Exclude the pictures, then copy word for word the lines running from the beginning of the records through the line with "På andra sidan".

[THE DATA — start]

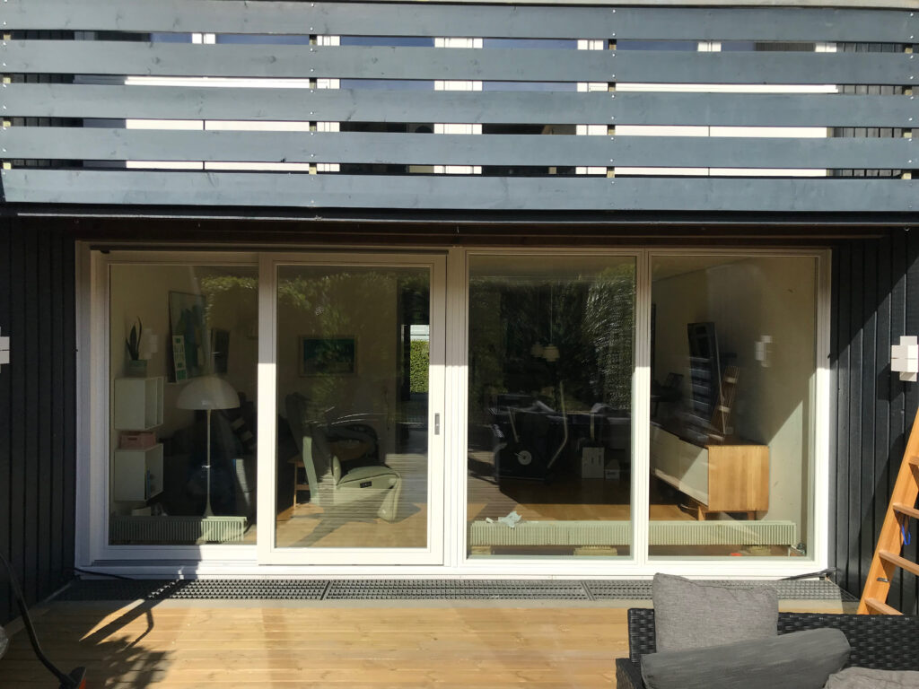 Iblandt de høje vinduespartier indgår en dobbelt skydedør. Den har to store døre som kan skydes til hver sin side. Det kan være svært at se på billederne hvad der er faste partier, som ikke kan åbne og lukke, og hvad der er selve skydedørene. Det er modellen Velfac-200 der gør at alle vinduesrammerne ser ens ud, uanset om de kan åbne eller ej. Det giver et super flot og ensartet udtryk.
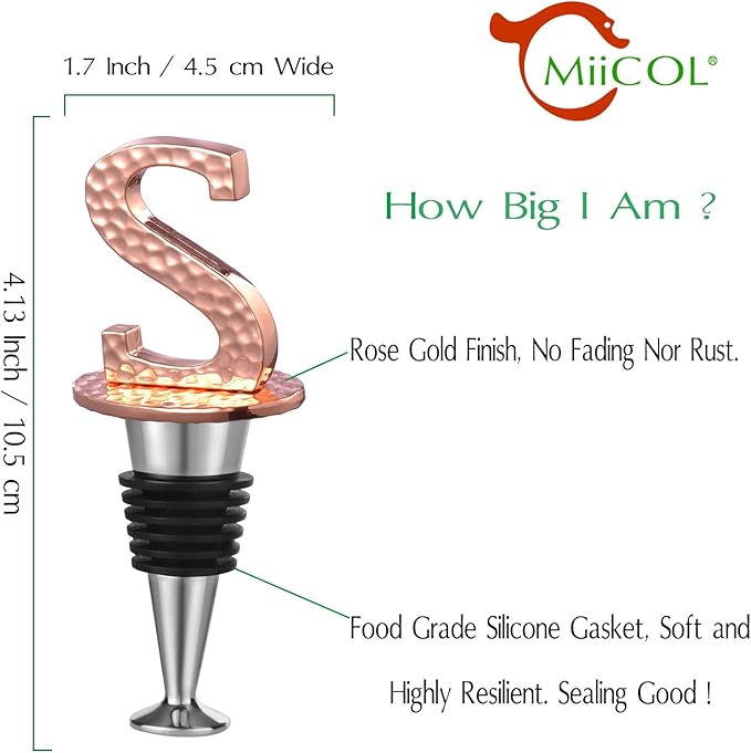- Fashionable and Practical - The MiiCol wine stopper features a stylish design with personalized initials, adding a pop of color to any table setting. Its distinctive lettering helps identify different wines or owners, making it an ideal gift for special occasions.
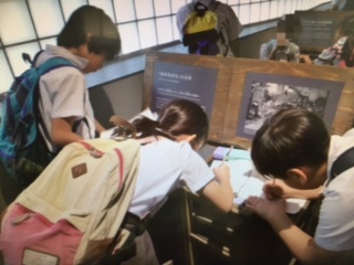 クラスごとに班活動をしながら見学し、戦時中のことについて学んだり、映画を鑑賞したりしました。
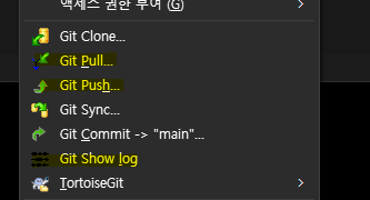 자주 사용하는 commit, push, pull 등이 우클릭 메뉴의 두번째 하위 메뉴에 있어서 사용에 번거로움이 있다.
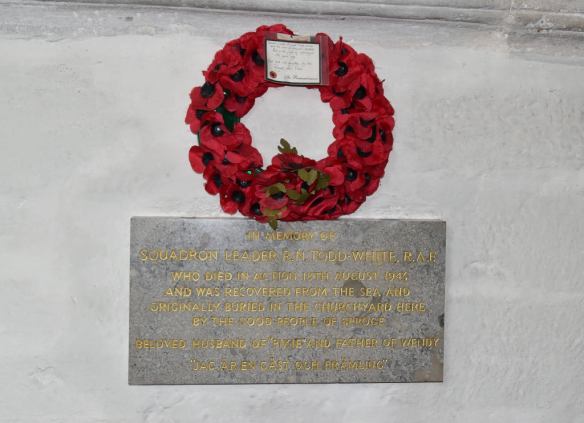 På andra sidan finns en annan stentavla som är ett minne om en engelsk flygare, RAF, som störtade i Östersjön under andra världskriget. Hans döda kropp spolades i land på stranden i Sproge.
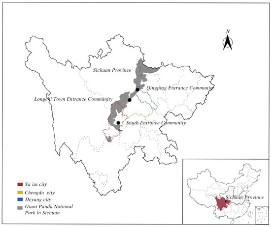 This study chose three of the earliest established communities in the Sichuan area of the Giant Panda National Park for empirical research: the Qingping Gateway Communities, Longchi Gateway Communities, and South Gateway Communities (Table 1). The Qingping Entrance Community is located in Qingping Town, Mianzhu City, Deyang City, Sichuan Province. It is situated in the middle of the Minshan area of Giant Panda National Park. As the first open giant panda entrance community in Deyang, it relies on tourism as its mainstay, with a well-developed infrastructure that has created a special Giant Panda Fairy Town. The community is rich in Qiang and Han cultures, and folklore activities are abundant. Furthermore, Longchi Town Entrance Community is situated in Longchi Town, Dujiangyan City, Chengdu, Sichuan Province. It serves as a key area connecting the two giant panda populations of Minshan and Qionglai. As an important entrance community in the Chengdu area, it is rich in natural resources and features a 4A-rated landscape with beautiful scenery. The community is predominantly inhabited by local residents, with simple customs and a deeply rooted giant panda culture. Related publicity and educational activities are frequently organized. Moving southward, the South Entrance Community is located in Longcanggou Town, Xingjing County, Ya’an City, Sichuan Province. It is the earliest entrance community established in the Sichuan area of the Giant Panda National Park, belonging to the Qionglai-Daxiangling area. Situated in the southernmost part of the designated area, it connects to several giant panda habitats, boasts superior ecology, thriving culture and tourism industries, and a strong giant panda cultural atmosphere. The three gateway communities, situated from north to south (Figure 2), boast an early onset of development and a relatively advanced level of maturity. Their varied landscape attributes, geographical traits, and indigenous cultures render them highly representative, thereby offering significant research opportunities and invaluable insights into ecological conservation and sustainable community development practices.
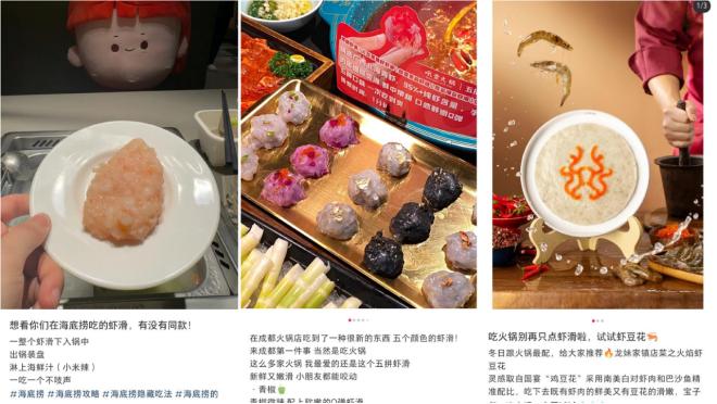 例如,海底捞捞派大粒虾滑,对虾滑的制作工艺十分重视。
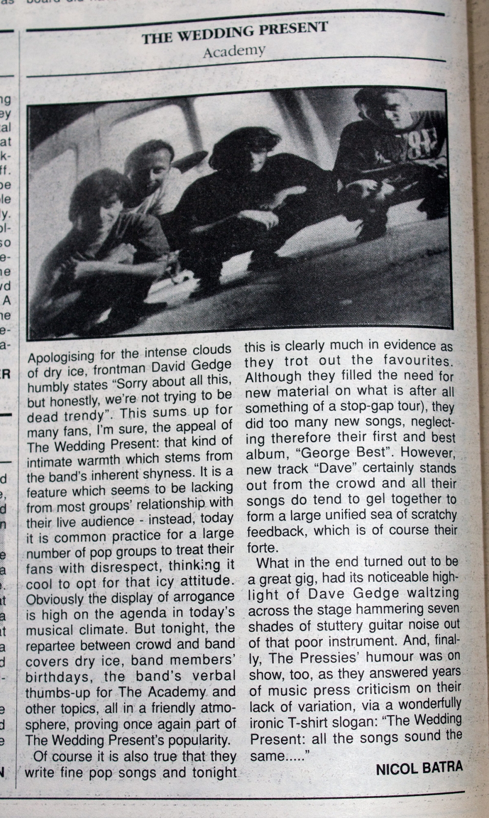 Review of Middleton-born David Gedge and his band of indie janglers The Wedding Present.
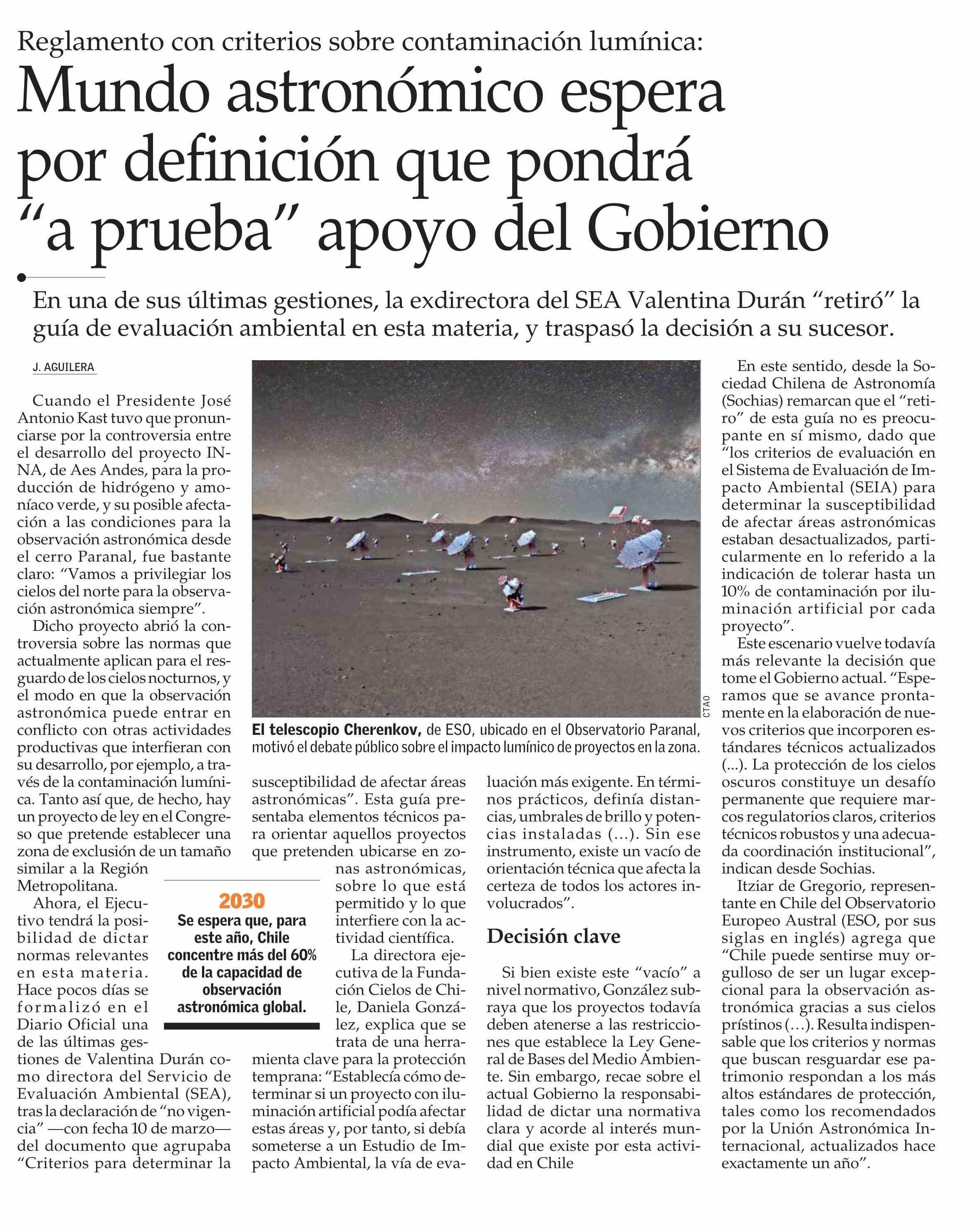 Mundo astronómico espera por definición que pondrá "a prueba" apoyo del Gobierno 24-03-2026 El Mercurio |
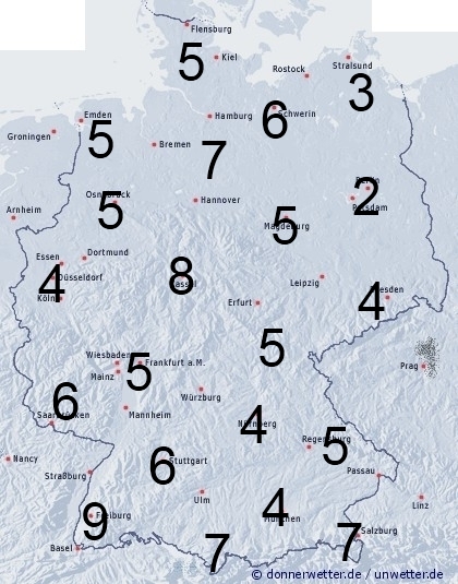 In der wärmeren Luft bilden sich vor allem in einem Streifen vom Saarland bis zur Ostsee wieder örtliche Regengüsse und Gewitter. Sonst entsteht leichte Benetzung durch nächtlchen Strahlungstau. Die Benetzungsdauer liegt allgemein in Deutschland zwischen 2 und 5 Stunden. Bei auftretenden Regenschauern, sowie in Alpentälern können 5 bis 9 Stunden erreicht werden.

[THE DATA — finish]

■ **RESPONSE TO THE EXERCISE**
 Iblandt de høje vinduespartier indgår en dobbelt skydedør. Den har to store døre som kan skydes til hver sin side. Det kan være svært at se på billederne hvad der er faste partier, som ikke kan åbne og lukke, og hvad der er selve skydedørene. Det er modellen Velfac-200 der gør at alle vinduesrammerne ser ens ud, uanset om de kan åbne eller ej. Det giver et super flot og ensartet udtryk.
- Fashionable and Practical - The MiiCol wine stopper features a stylish design with personalized initials, adding a pop of color to any table setting. Its distinctive lettering helps identify different wines or owners, making it an ideal gift for special occasions.
 クラスごとに班活動をしながら見学し、戦時中のことについて学んだり、映画を鑑賞したりしました。
 자주 사용하는 commit, push, pull 등이 우클릭 메뉴의 두번째 하위 메뉴에 있어서 사용에 번거로움이 있다.
 På andra sidan finns en annan stentavla som är ett minne om en engelsk flygare, RAF, som störtade i Östersjön under andra världskriget. Hans döda kropp spolades i land på stranden i Sproge.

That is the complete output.